What happened during these 9 years with the brave, little girl? Life happened. Her brother, who helped her when she ran away, was killed by the other street gang while she was raped by the age of 8.
The story doesn’t end there. In prison she participated in a creative writing program and now leaving the prison at her 21, she is looking for a different life. Did she really have a choice for her way in life? I’m not sure. Did she ever think about “choosing” some direction? When you just need to survive, I don’t think you ask such questions.
Another story about the meaning of life. 7,000 volunteer soldiers have joined the Women’s Protection Unit, or YPJ, which grew out of the wider Kurdish resistance movement. Most of these girls are at the age of 18-24. They wake up at 4 am; they sleep with their guns at arm’s length; they eat whatever food the locals donate. Meanwhile, they braid their hair, they pluck their eyebrows; they laugh and make a girls-like friendship. And sometimes they bury their sister-soldiers.
Don’t they want a normal life like dressing up, going out for dates, having children? People say war is guys’ business. However, these girls know that every day they safe people of their country, their neighbors and relatives. They know that they are more than just young, fragile girls – they are solders defending their land. They liberate hundreds of women and children strained in the mountains after ISIS attacked their village.
These girls had a choice of life paths, and they chose the one that seemed to be the most meaningful for them. The question “why do you do that?” is ridiculous for them.
Somewhere in South Korea there is a US Army garrison, surrounded by old shacks. There lived about 70 aging women who worked their whole life as “comfort women” for American soldiers. They are old and sick, and they don’t have any support from the government because they are “prostitutes”.
It’s not that kind of profession that people would respect, right? It’s not even a legal work, people would say. Nevertheless, in the 50es Korean government deeply dependent on the U.S. military was so confident about this “profession” that it formalized the camptowns as "special tourism districts" with legalized prostitution.
More than 20 000 women were persuaded that they are helping their country by sleeping with American soldiers. I always wondered what would make a woman sleep with strangers for money. Apparently, patriotism might be enough reason.

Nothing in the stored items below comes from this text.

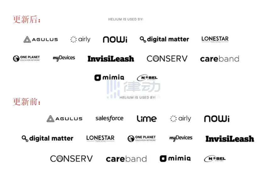据报道,Helium 多年来一直声称 Lime 正在使用其技术进行地理定位,而 Salesforce 的一位发言人也证实了该公司与 Helium 并没有合作。没有与 Lime、美国软件巨头 Salesforce 建立合作伙伴关系,Helium 却将这两家公司的徽标在网站上突出显示,这引起了社区的强烈不满。在社区和「合作伙伴」的重重压力之下,Helium 官网页面将这两家公司 Logo 从合作列表删除。
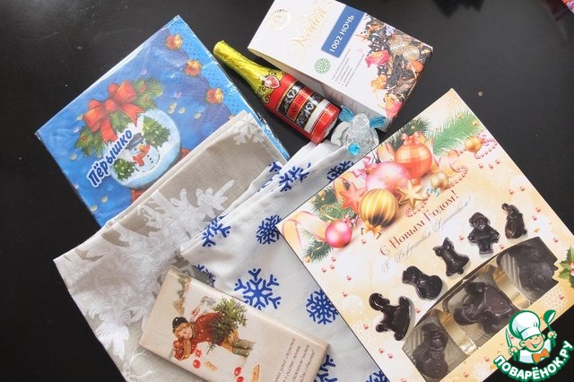 Чудесные новогодние салфеточки, вкуснейший чай, потрясающие салфеточки с забавными снеговичками, шоколад и шоколадные конфеты, а еще любовно и тщательной завернутый стеклянный ангелочек!!!
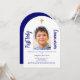 Weißer Hintergrund, mit goldenem Kreuz verziert. Persönlich dekoriert und mit einem Foto versehen. Navy Text. Bogenförmiger Rahmen aus Foto Zurück: eine marineblaue Farbe.
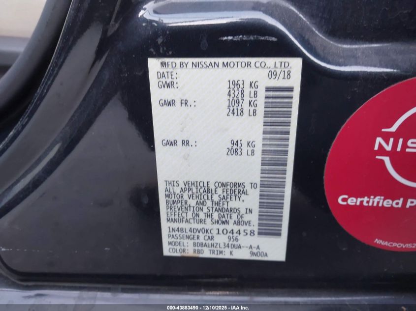 2019 NISSAN ALTIMA 2019 року Бензин, 2.5, Передній привід, vin - 1N4BL4DV0KC104458 з США
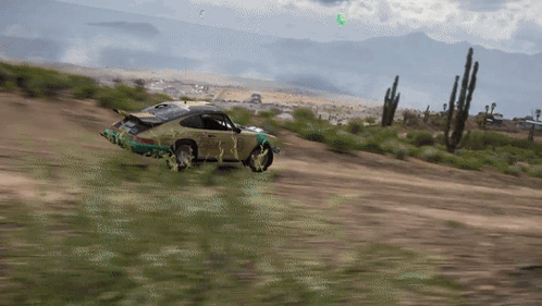 A custom Porsche Rothsport Racing 911 Desert Flyer rally car races off-road through a dusty desert landscape in Forza Horizon 5.
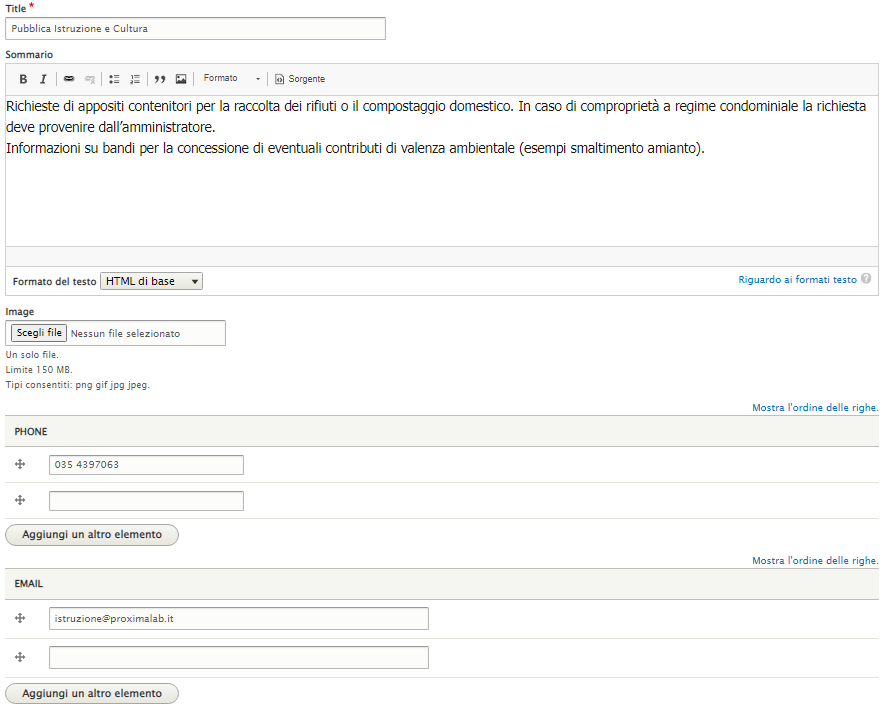 Inserire il Titolo, il Sommario (breve descrizione che comparirà sotto il titolo), l'immagine di copertina e i contatti.
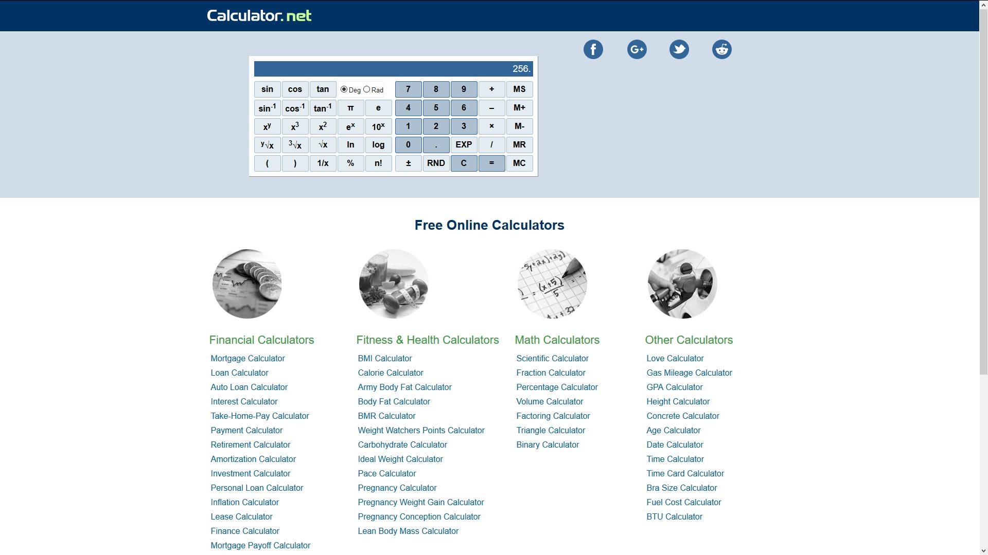 Inmiddels is natuurlijk ook de fysieke rekenmachine alweer achterhaald en hebben we appjes en programma’s voor dat doel of, nog makkelijker, een online-calculator. Nou ja, een… Op calculator.net vind je er zo’n tweehonderd, zowel voor algemeen als specialistisch rekenwerk. Zo zijn er op de site rekenmachines te vinden op financieel gebied (leningen, hypotheken, rente enzovoort), met betrekking tot gezondheid (BMI, lichaamsvet) en voor uiteenlopende zaken zoals data en tijden, brandstofverbruik en de cupmaat van bh’s. Zelfs voor het alledaagse wiskundige rekenwerk heb je volop keus, bijvoorbeeld met een wetenschappelijke rekenmachine, een calculator speciaal voor breuken, een exemplaar voor berekeningen met driehoeken en ga zo maar door.
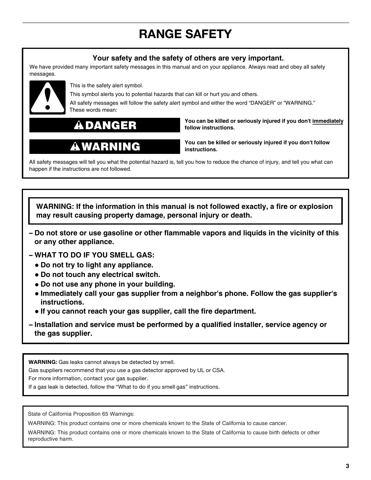 RANGE SAFETY Your safety and the safety of others are very important. We have provided many important safety messages in this manual and on your appliance. Always read and obey all safety messages. This is the safety alert symbol. This symbol alerts you to potential hazards that can kill or hurt you and others. All safety messages will follow the safety alert symbol and either the word “DANGER” or “WARNING.” These words mean: DANGER WARNING You can be killed or seriously injured if you don't immediately follow instructions. You can be killed or seriously injured if you don't follow instructions. All safety messages will tell you what the potential hazard is, tell you how to reduce the chance of injury, and tell you what can happen if the instructions are not followed.

And after you just can’t quit because that is all you know to do for work.
The saddest thing here is that a country these women donated their bodies for doesn’t really care about them. They became old and sick and everything that Korean government and Korean people remember about these women is a label “prostitute”. These women thought that made a right choice… 

Monday, August 25, 2014

Mologa. Russian Underwater World.

Молога: город-утопленник, который иногда возвращается
Once, long time ago, there was a town at Volga River. It was called Mologa and many people came here every year for brisk trade fairs and spectacular carnivals. But an evil water spirit got jealous and sent violent waves to erase a beautiful city from the Earth…
That’s how we can start a sad fairy-tale about Russian city Mologa. Or more precisely, about an eternal war between a merciless technical progress and a natural way of living.
Mologa was a well-known city in Russia since the 12th century. In 1321 there was organized a whole principality called Molozhskaya. Having a very convenient location (on the junction of two rivers – Volga and Mologa), this city became pretty quickly one of the most important Russian trade centers with the Asian countries.
As the time was going, there were built factories and banks, monasteries and churches (there was an impressive temple on the main square), libraries and cinema. What is even more important, there were 900 houses with 7 thousand people peacefully living in them.
Фото набережной Мологи во время белых ночей.
Nevertheless, on the 14th of September, 1935 Soviet government decided to start building  Rybinsk Reservoir and Rybinsk hydroelectric plant. Mologa was destined to be flooded. 130 thousand people (including nearby villages) were forced to move to Rybinsk.
This painful process was prolonged for 4 years. Sure, people were said that it was necessary for the industry and transport; that it had to be done for the sake of their country. Personally, I’m just trying to imagine, how it feels to see your city where you grew up, where you worked, where you used to watch movies and read in the library, goes under water street by street, stone by stone.
Most of the houses were taken apart, moved to Rybinsk and assembled again. Others were just blown up as many churches. The Leushinsky monastery was left out though, and its walls stuck out right from the water till they were destroyed by ice and waves.
This August the water level dropped in the Rybinsk Reservoir, exposing the remains of what used to be a lively city. It also reveals old questions: was the result worth this sacrifice? Were there other ways, less radical, of solving the problem of the reservoir? 
Леушинский монастырь не был взорван и после затопления его стены еще несколько лет возвышались над водой, пока не обрушились от волн и ледоходов. Фото 50-х годов.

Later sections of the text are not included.